======== Supplied information

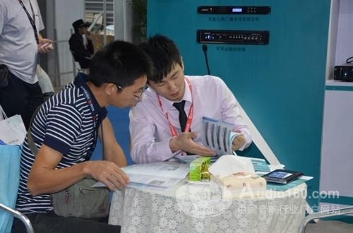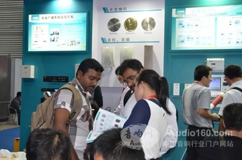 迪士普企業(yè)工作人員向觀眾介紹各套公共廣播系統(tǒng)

================
======== Supplied information

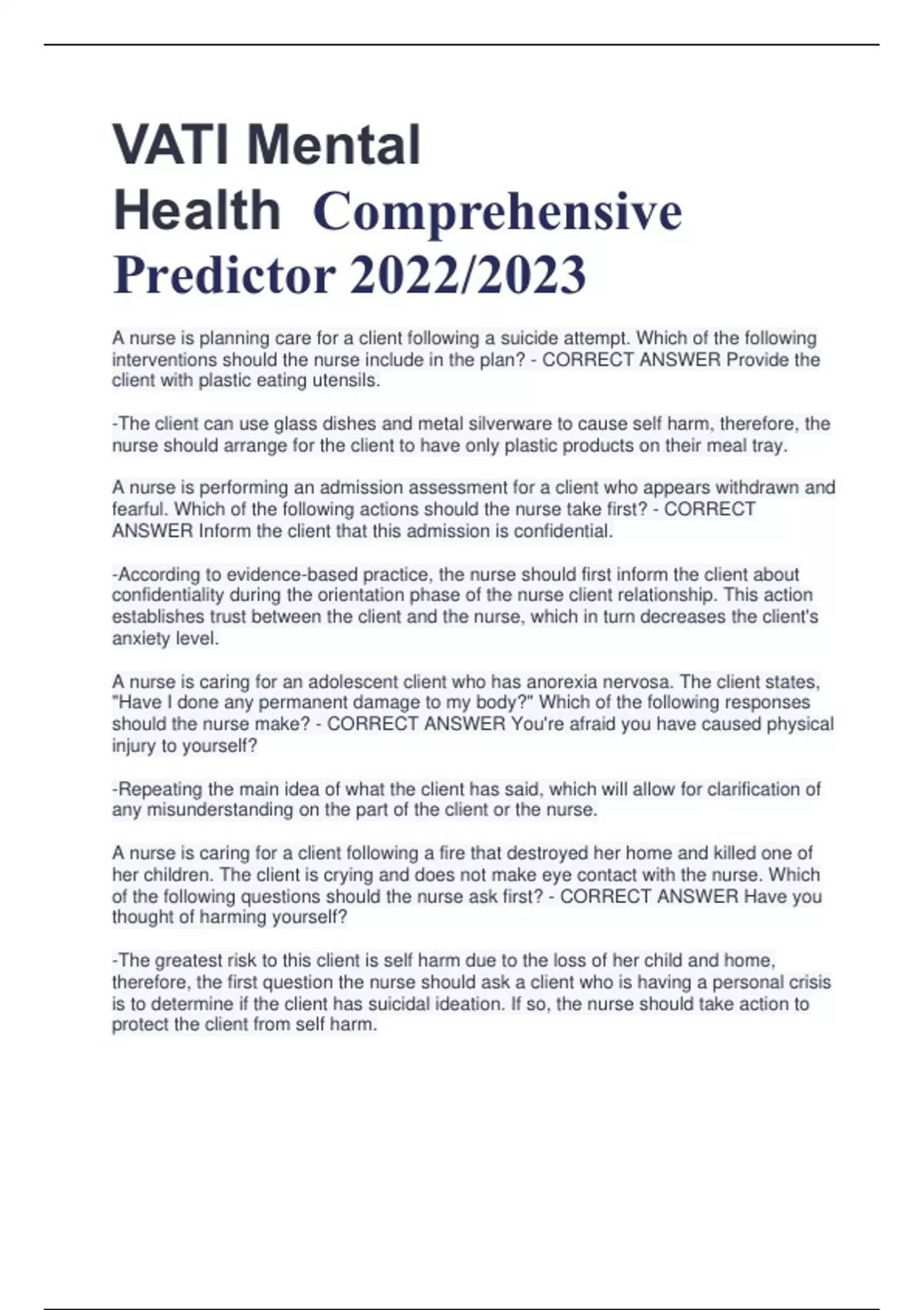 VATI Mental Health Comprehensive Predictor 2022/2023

================
======== Supplied information

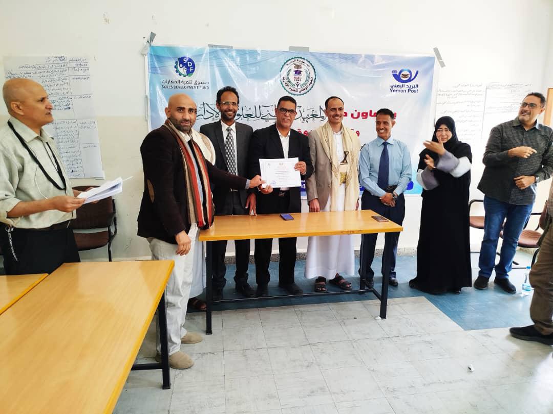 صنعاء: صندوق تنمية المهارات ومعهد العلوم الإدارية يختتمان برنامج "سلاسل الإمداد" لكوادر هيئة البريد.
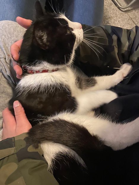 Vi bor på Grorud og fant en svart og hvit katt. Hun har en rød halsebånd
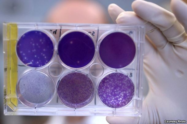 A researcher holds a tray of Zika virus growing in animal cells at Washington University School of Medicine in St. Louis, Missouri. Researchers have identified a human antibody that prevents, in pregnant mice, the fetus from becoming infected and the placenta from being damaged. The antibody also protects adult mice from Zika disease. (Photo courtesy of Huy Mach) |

================

Precisely those lines above that run from the line with "Vi bor på Grorud" up to and including the line with "A researcher holds" are to be set down, with the pictures omitted.

#### Solution for this task:
 Vi bor på Grorud og fant en svart og hvit katt. Hun har en rød halsebånd
 A researcher holds a tray of Zika virus growing in animal cells at Washington University School of Medicine in St. Louis, Missouri. Researchers have identified a human antibody that prevents, in pregnant mice, the fetus from becoming infected and the placenta from being damaged. The antibody also protects adult mice from Zika disease. (Photo courtesy of Huy Mach) |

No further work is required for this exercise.